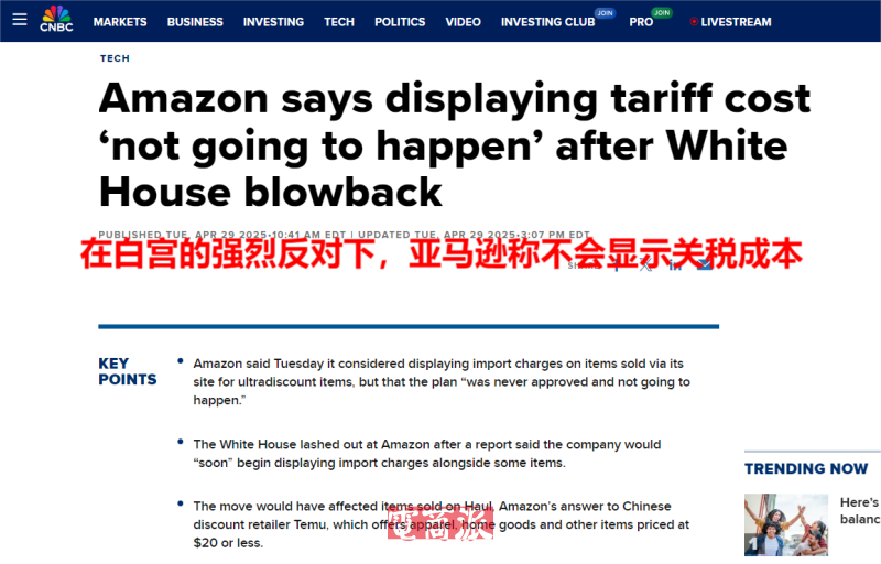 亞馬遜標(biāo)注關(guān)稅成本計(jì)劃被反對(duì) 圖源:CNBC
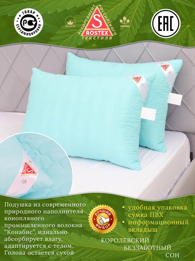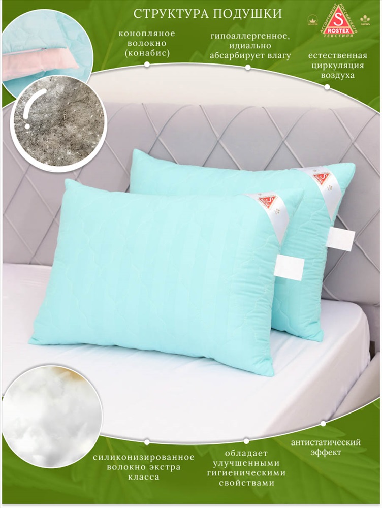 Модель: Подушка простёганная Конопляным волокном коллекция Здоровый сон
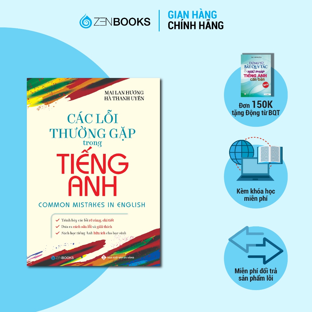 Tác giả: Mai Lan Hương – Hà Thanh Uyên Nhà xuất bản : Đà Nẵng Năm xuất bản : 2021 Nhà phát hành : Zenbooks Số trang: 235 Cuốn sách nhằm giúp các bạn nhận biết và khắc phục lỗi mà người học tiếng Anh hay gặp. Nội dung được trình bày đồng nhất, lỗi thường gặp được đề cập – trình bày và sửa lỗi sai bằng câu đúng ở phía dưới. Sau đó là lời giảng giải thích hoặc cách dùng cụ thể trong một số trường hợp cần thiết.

* * *

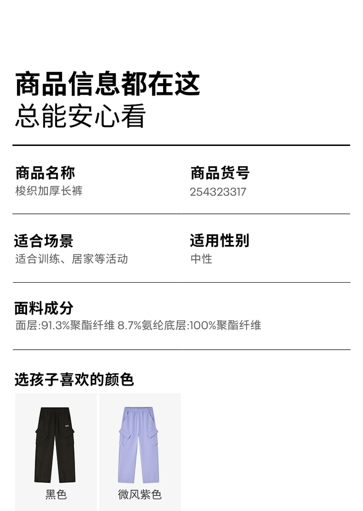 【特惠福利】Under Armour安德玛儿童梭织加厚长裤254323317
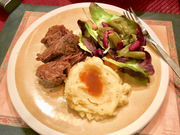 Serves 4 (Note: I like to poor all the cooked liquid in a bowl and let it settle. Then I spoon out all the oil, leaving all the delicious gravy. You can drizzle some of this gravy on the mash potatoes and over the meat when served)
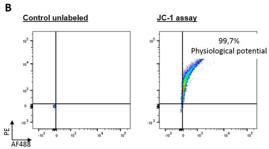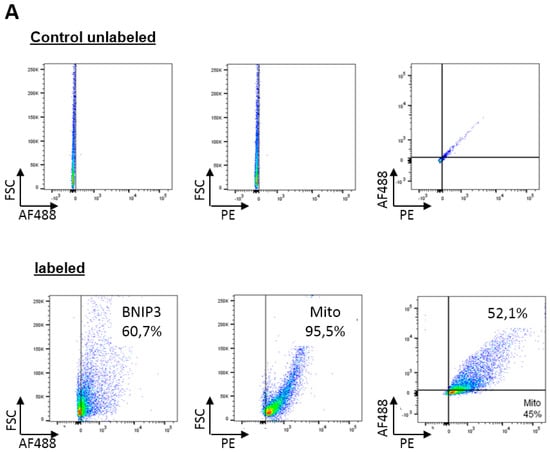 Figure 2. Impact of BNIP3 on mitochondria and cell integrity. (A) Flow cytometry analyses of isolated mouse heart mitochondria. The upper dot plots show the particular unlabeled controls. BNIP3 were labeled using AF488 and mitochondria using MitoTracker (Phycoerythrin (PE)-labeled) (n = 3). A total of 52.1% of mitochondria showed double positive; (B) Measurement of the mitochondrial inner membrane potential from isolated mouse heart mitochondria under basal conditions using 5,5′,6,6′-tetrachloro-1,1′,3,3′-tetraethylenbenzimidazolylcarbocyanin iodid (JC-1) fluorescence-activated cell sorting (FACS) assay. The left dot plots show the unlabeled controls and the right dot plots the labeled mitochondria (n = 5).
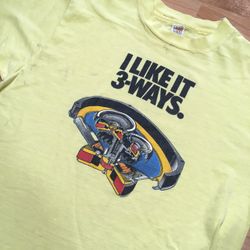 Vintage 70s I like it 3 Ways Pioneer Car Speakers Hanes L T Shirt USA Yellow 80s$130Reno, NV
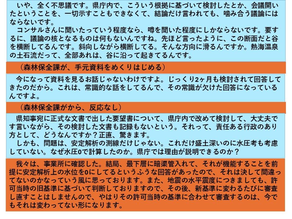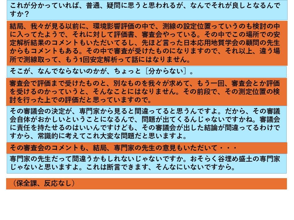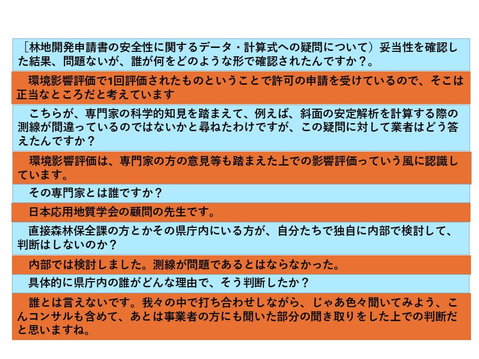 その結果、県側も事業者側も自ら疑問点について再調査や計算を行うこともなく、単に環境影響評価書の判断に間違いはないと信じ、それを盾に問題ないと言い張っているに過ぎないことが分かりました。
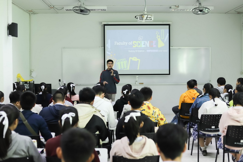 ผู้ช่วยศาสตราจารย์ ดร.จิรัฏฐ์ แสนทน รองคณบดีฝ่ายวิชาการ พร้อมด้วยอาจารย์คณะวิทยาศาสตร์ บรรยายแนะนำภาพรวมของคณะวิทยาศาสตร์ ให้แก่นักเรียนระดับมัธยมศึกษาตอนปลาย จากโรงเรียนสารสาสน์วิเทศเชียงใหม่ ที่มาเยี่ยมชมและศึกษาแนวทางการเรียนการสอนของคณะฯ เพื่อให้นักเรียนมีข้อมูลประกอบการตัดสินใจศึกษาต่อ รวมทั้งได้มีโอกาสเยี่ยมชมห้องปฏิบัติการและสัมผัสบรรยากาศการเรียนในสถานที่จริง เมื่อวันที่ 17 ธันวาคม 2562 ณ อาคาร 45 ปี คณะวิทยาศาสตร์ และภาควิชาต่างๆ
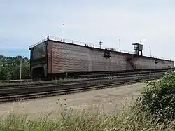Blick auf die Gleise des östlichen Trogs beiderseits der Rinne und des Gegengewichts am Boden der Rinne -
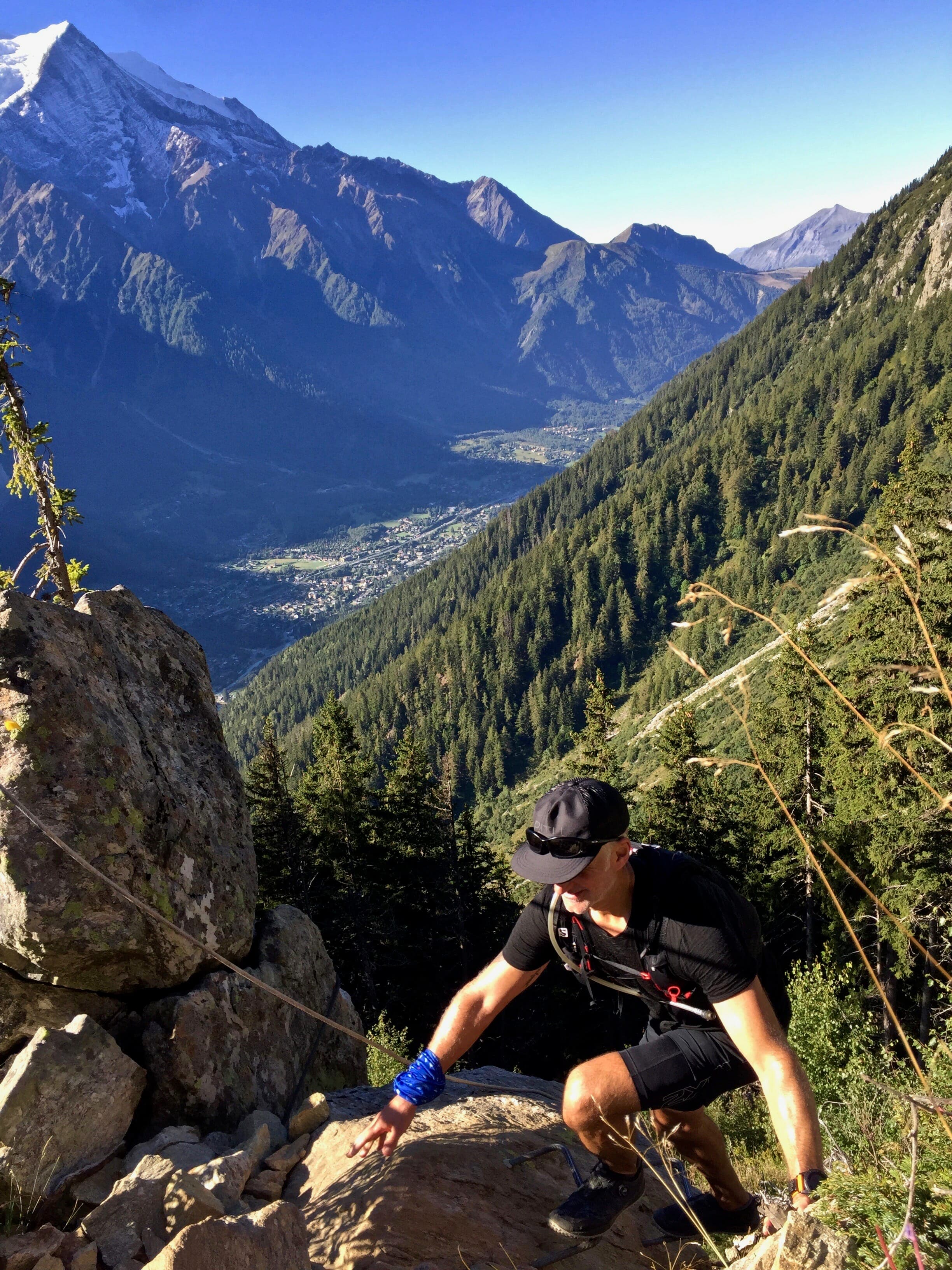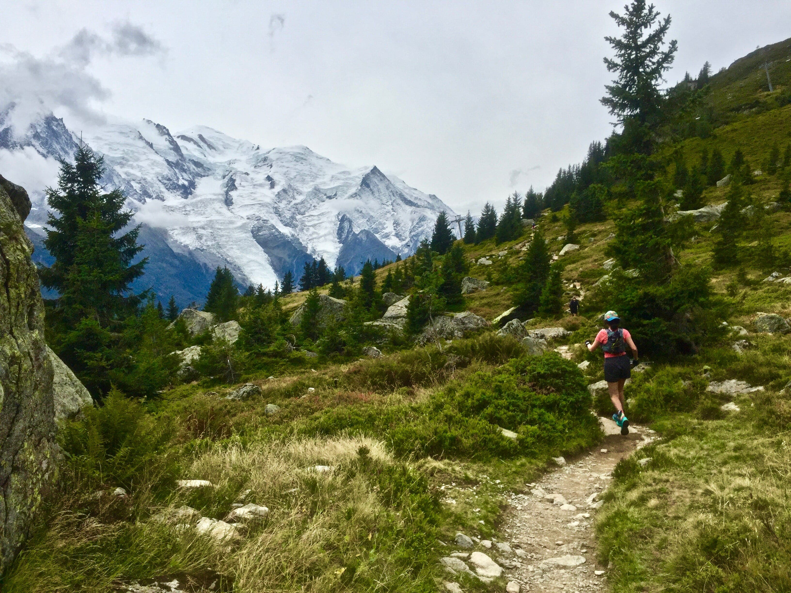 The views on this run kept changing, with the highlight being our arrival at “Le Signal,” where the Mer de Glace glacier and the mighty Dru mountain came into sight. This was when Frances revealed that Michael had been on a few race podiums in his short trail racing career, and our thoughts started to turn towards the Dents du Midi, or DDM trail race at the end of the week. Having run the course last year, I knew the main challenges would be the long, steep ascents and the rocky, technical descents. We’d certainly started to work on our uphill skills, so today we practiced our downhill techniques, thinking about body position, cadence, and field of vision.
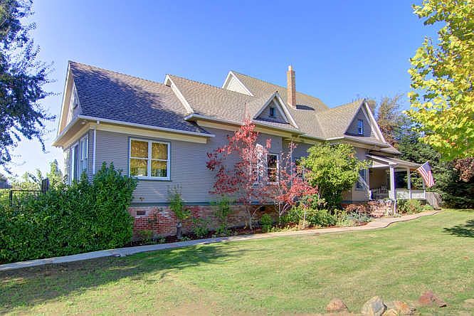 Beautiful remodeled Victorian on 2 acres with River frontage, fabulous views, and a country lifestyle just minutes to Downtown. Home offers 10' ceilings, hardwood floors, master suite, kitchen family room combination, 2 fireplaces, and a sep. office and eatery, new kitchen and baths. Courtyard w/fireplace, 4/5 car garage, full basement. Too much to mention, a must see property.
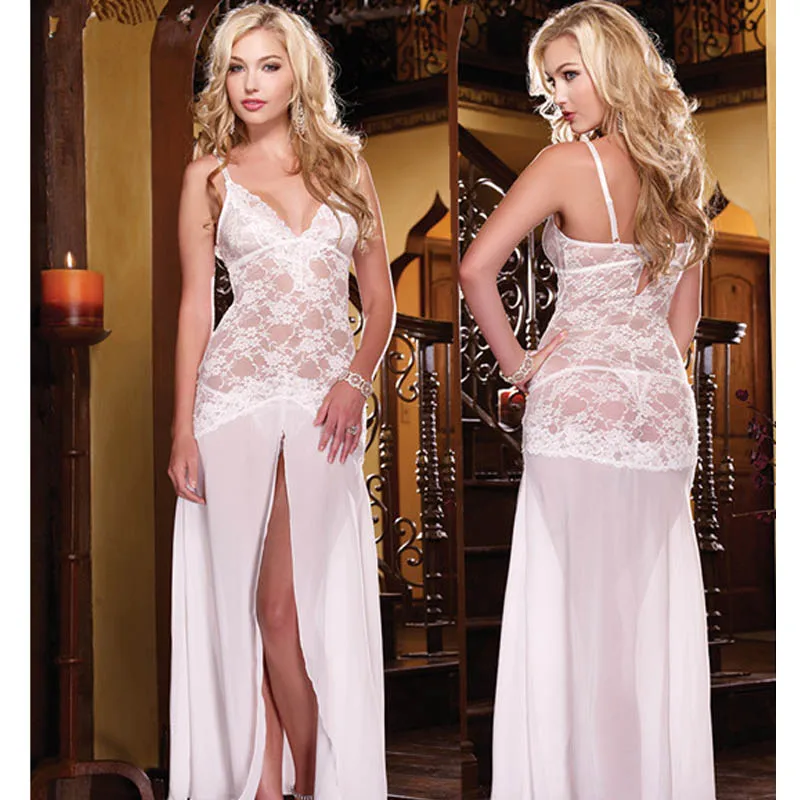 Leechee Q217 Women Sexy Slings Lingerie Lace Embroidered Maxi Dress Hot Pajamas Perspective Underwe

## Task to complete:
Above is the material; set down exactly its lines from the one containing "Figure 2. Impact" down to the one containing "Blick auf die", both included, leaving out any pictures.

## Solution for this exercise:
 Figure 2. Impact of BNIP3 on mitochondria and cell integrity. (A) Flow cytometry analyses of isolated mouse heart mitochondria. The upper dot plots show the particular unlabeled controls. BNIP3 were labeled using AF488 and mitochondria using MitoTracker (Phycoerythrin (PE)-labeled) (n = 3). A total of 52.1% of mitochondria showed double positive; (B) Measurement of the mitochondrial inner membrane potential from isolated mouse heart mitochondria under basal conditions using 5,5′,6,6′-tetrachloro-1,1′,3,3′-tetraethylenbenzimidazolylcarbocyanin iodid (JC-1) fluorescence-activated cell sorting (FACS) assay. The left dot plots show the unlabeled controls and the right dot plots the labeled mitochondria (n = 5).
 Vintage 70s I like it 3 Ways Pioneer Car Speakers Hanes L T Shirt USA Yellow 80s$130Reno, NV
 その結果、県側も事業者側も自ら疑問点について再調査や計算を行うこともなく、単に環境影響評価書の判断に間違いはないと信じ、それを盾に問題ないと言い張っているに過ぎないことが分かりました。
 ผู้ช่วยศาสตราจารย์ ดร.จิรัฏฐ์ แสนทน รองคณบดีฝ่ายวิชาการ พร้อมด้วยอาจารย์คณะวิทยาศาสตร์ บรรยายแนะนำภาพรวมของคณะวิทยาศาสตร์ ให้แก่นักเรียนระดับมัธยมศึกษาตอนปลาย จากโรงเรียนสารสาสน์วิเทศเชียงใหม่ ที่มาเยี่ยมชมและศึกษาแนวทางการเรียนการสอนของคณะฯ เพื่อให้นักเรียนมีข้อมูลประกอบการตัดสินใจศึกษาต่อ รวมทั้งได้มีโอกาสเยี่ยมชมห้องปฏิบัติการและสัมผัสบรรยากาศการเรียนในสถานที่จริง เมื่อวันที่ 17 ธันวาคม 2562 ณ อาคาร 45 ปี คณะวิทยาศาสตร์ และภาควิชาต่างๆ
Blick auf die Gleise des östlichen Trogs beiderseits der Rinne und des Gegengewichts am Boden der Rinne -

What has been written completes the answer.